On 3/11/2004, "MJ Ray" mjr@dsl.pipex.com wrote:
This is a typical slippery slope... I start off from a general issue that affects most users, through a specific application, to a specific programming question. Are you holding tight? Is there a C doctor in the house?
Some of you may have "enjoyed" the change of character set from ISO-8859-1 (an 8-bit character code, so 256 possible characters)) to utf-8 (a large character set which is converted into 8-bit codes, pairs of 8-bit codes and so on). Basically, 8859-1 only lets you display western European text, while utf-8 lets you have southern or eastern European languages, or greek or cyrillic or whatever, all at once without doing anything unusual with character sets. FAQ at http://www.cl.cam.ac.uk/~mgk25/unicode.html
The SQLite database seems to use UTF-16 as a basic datatype. I was having a browse after it was suggested that I try writing a Scheme interface to it. When reading http://www.sqlite.org/capi3.html, the following caught my eye: "There is no agreement on what the C datatype for a UTF-16 string should be."
Is there really such disagreement on this basic datatype? The FAQ makes it look clearcut on wchar_t. What types do C programmers really use?

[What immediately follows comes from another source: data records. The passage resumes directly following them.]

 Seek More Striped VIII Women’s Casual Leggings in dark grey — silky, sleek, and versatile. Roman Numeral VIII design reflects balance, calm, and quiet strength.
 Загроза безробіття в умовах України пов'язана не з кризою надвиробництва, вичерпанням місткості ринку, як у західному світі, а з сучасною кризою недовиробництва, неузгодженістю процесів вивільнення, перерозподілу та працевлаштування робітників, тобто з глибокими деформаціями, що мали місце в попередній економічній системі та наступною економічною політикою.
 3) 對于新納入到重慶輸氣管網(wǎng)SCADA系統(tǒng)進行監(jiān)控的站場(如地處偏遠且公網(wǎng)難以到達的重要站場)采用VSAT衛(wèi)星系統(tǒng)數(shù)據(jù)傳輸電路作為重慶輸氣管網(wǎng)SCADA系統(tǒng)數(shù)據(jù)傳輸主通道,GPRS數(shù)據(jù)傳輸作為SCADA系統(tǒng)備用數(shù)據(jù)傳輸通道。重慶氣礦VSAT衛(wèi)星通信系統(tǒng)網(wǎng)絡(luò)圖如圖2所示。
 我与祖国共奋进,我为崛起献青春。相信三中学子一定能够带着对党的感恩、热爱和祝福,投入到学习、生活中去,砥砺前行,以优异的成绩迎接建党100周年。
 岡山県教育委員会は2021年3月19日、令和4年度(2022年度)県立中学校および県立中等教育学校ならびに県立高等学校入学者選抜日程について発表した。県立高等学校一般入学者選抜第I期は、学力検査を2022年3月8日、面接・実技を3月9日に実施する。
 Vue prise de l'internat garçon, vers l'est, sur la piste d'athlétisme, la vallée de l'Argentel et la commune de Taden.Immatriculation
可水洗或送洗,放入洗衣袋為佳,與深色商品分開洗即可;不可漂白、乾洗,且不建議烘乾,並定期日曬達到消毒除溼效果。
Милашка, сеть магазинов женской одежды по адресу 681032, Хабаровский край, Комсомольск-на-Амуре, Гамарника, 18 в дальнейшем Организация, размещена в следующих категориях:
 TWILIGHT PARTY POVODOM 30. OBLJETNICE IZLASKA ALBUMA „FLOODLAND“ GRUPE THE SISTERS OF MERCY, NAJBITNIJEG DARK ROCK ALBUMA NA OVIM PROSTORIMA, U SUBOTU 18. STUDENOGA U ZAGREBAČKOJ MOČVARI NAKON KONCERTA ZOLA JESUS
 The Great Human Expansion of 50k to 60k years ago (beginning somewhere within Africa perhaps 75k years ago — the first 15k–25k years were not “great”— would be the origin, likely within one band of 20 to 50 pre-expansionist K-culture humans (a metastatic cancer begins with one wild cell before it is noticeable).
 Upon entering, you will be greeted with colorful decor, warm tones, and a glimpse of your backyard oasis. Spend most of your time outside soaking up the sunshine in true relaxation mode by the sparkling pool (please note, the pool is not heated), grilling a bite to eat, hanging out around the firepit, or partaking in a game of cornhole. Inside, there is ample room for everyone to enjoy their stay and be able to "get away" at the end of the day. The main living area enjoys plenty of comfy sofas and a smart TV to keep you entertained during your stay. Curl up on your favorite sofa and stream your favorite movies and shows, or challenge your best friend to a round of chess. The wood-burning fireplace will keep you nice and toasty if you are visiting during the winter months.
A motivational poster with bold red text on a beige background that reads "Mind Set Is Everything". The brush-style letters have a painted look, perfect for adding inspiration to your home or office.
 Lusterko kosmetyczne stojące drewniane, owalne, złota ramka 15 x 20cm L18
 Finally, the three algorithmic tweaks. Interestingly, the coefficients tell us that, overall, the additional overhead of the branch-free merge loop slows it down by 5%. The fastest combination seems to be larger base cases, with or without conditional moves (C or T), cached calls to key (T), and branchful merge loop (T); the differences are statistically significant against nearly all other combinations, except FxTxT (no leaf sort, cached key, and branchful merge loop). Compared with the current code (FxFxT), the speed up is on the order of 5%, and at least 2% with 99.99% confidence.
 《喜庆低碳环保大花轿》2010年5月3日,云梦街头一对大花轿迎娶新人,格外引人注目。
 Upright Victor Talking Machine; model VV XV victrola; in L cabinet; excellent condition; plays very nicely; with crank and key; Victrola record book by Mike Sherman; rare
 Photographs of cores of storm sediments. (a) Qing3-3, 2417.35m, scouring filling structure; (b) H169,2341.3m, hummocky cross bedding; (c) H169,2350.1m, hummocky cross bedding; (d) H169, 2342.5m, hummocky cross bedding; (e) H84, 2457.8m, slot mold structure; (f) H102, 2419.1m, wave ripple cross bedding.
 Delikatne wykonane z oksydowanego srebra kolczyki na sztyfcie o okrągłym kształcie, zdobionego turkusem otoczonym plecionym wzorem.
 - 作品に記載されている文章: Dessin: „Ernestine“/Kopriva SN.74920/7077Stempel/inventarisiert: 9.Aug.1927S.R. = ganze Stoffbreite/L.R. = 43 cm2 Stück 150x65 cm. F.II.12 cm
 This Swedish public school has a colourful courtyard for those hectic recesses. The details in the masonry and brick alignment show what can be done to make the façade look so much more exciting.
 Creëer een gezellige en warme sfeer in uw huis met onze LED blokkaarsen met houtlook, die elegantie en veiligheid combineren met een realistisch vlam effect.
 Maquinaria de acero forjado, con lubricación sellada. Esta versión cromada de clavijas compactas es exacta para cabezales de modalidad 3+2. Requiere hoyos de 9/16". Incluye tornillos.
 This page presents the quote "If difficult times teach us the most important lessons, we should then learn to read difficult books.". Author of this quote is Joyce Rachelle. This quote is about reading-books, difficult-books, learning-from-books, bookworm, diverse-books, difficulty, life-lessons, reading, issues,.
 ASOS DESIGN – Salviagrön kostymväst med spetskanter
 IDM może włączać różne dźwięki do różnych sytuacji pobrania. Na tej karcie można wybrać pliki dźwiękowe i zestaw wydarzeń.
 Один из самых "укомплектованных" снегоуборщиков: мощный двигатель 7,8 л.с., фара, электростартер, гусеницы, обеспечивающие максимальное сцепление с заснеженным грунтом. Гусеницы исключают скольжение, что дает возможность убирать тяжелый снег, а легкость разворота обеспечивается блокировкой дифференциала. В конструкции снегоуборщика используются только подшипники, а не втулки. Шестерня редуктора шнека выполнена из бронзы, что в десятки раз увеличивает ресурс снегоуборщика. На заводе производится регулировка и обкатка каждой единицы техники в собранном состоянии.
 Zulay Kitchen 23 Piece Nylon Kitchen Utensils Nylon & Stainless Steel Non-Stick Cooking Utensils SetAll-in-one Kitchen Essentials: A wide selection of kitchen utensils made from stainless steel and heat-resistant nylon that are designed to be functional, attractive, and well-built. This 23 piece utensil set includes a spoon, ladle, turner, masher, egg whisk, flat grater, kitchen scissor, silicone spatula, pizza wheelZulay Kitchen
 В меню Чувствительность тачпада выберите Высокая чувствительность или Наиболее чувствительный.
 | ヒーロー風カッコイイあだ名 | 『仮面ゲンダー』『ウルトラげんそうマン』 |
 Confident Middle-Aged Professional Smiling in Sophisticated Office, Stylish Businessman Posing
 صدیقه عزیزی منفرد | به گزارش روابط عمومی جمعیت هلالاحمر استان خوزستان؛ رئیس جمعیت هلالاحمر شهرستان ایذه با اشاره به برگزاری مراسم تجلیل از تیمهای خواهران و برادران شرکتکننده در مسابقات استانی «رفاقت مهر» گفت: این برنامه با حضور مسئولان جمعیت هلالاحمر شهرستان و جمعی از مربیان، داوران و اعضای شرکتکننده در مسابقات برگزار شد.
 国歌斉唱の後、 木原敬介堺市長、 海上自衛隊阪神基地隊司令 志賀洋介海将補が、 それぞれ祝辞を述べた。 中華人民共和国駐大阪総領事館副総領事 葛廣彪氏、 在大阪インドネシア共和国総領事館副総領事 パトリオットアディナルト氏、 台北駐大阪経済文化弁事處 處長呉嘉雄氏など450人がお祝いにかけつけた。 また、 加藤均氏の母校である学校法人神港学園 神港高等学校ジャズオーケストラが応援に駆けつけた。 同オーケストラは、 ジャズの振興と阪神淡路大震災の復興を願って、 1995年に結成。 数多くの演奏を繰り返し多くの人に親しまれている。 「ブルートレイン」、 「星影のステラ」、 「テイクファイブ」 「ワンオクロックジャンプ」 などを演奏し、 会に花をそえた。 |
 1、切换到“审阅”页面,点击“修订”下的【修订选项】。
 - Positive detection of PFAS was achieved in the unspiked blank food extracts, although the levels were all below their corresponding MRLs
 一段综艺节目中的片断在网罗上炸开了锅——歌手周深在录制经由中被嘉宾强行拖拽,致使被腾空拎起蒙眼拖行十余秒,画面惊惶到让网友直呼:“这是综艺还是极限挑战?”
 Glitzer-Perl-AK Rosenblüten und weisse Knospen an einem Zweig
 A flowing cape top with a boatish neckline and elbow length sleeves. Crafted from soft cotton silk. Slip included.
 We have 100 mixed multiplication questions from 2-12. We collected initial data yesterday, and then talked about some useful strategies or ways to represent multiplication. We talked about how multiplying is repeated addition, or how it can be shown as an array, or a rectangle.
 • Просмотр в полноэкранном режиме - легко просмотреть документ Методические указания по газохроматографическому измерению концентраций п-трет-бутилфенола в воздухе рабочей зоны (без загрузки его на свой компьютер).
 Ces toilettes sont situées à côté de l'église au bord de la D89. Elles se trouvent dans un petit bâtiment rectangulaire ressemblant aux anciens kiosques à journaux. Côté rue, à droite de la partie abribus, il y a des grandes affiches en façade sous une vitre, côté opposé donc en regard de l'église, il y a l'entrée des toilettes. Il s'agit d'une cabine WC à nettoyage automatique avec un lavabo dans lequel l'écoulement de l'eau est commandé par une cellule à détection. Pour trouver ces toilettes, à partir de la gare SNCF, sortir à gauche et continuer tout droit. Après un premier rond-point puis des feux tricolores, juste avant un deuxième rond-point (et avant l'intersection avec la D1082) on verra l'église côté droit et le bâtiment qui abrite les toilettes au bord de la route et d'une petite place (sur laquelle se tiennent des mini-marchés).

For my part, Scheme's character and string datatypes seem to cope with unicode in theory, but the implementation details (such as what character set) are still being thrashed out.
One word - Java...
Unicode capability and built in character conversions for everyhing from ISO-8856-1, through UTF-8 and UTF-16 to things like BIG-5 for Chinese.
It's one of the things that was designed in from the beginning. There's a reason that "use the right tool for the job" became such a popular saying...
Matt